I have tried to follow "Symmetry, Uniqueness, and the Coulomb Law of Force" by Shaw (1965) in both asking and solving this question, but to no avail. Some of the mathematical arguments there are a bit too quick for me but, it suffices to say, the paper tries to make the "by symmetry" arguments of introductory electromagnetism rigorous.

My question is the following: Consider a 1D situation in which I have a charge distribution which obeys 𝜌(𝑧)=−𝜌(−𝑧). Then I conclude that there must exist another solution obtained from my original solution via this symmetry: 𝐸′(𝑧)=−𝐸(−𝑧). But by the uniqueness of solutions to electromagnetism problems we have 𝐸′(𝑧)=𝐸(𝑧) so that we have 𝐸(𝑧)=−𝐸(−𝑧). But this is absurd, since it implies that the electric field everywhere points toward the origin which makes no sense for a distribution obeying 𝜌(𝑧)=−𝜌(−𝑧) (dipole) so that it should point in one direction everywhere. Where have I erred in "using symmetry"?

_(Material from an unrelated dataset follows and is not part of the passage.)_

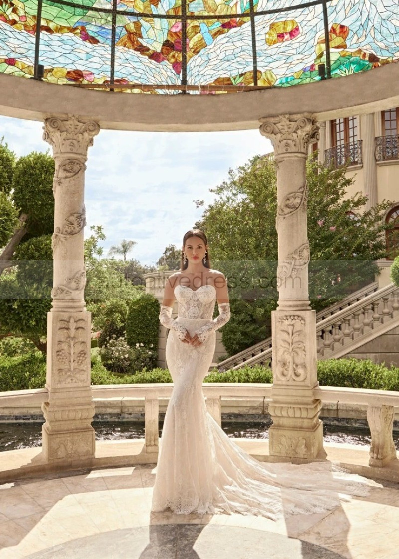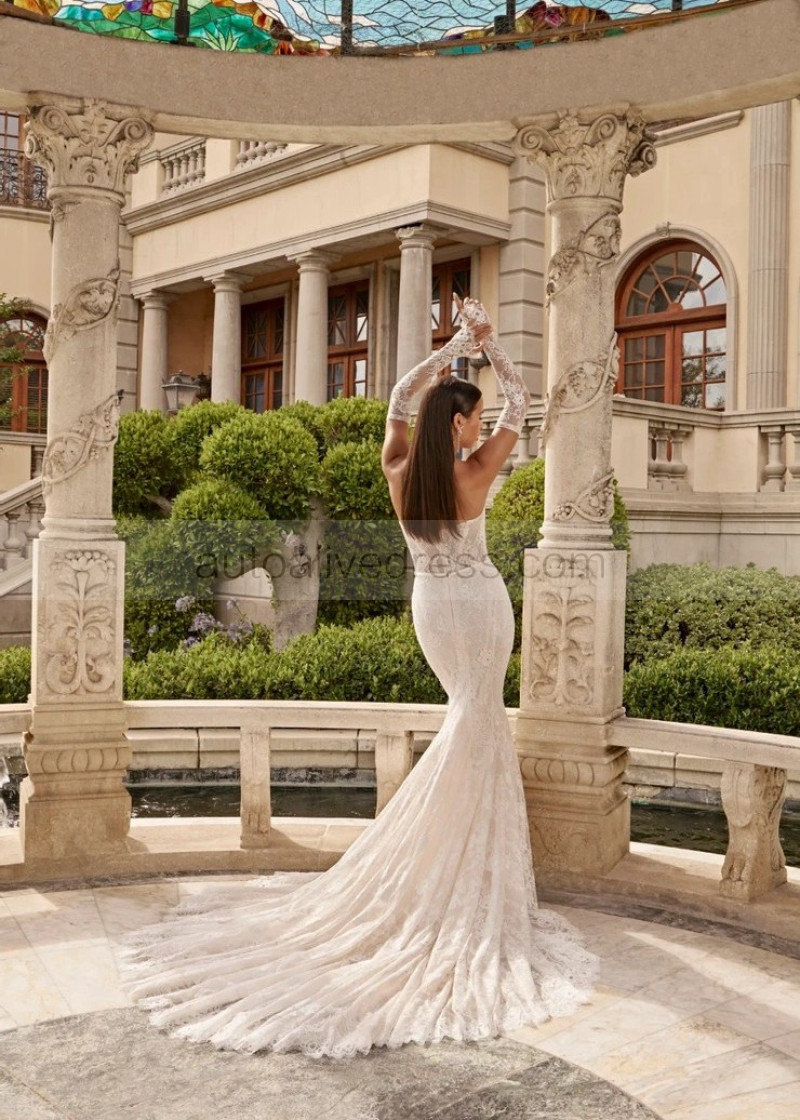 Ivory French Lace Tulle Romantic Wedding Dress With Removable Sleeves

Edit: On reconsidering, I now have the following. We first observe that the symmetry ##\rho(z) = -\rho(-z)## is equivalent to saying that the system must be invariant under a reflection ##\rho(z) \to \rho(-z)## followed by a "flipping" of charge ##\rho(-z) \to -\rho(-z)##. These transformations being symmetries of the system mean that we can obtain another solution to the problem by performing ##E(z) \to E'(z') = E'(-z) = -E(-z)## (this step is analogous to Shaw equation (2)) followed by ##E'(z') \to E''(z') = -E'(z')= -(-E(-z)) = E(-z)##. Then, by uniqueness, it must be that the solution ##E''(z) = E(z)##...but from the above this just says ##E''(z) = E(-(-z)) = E(z)## which is useless (in the last step I have tried to use an analogue to Shaw equation (1)?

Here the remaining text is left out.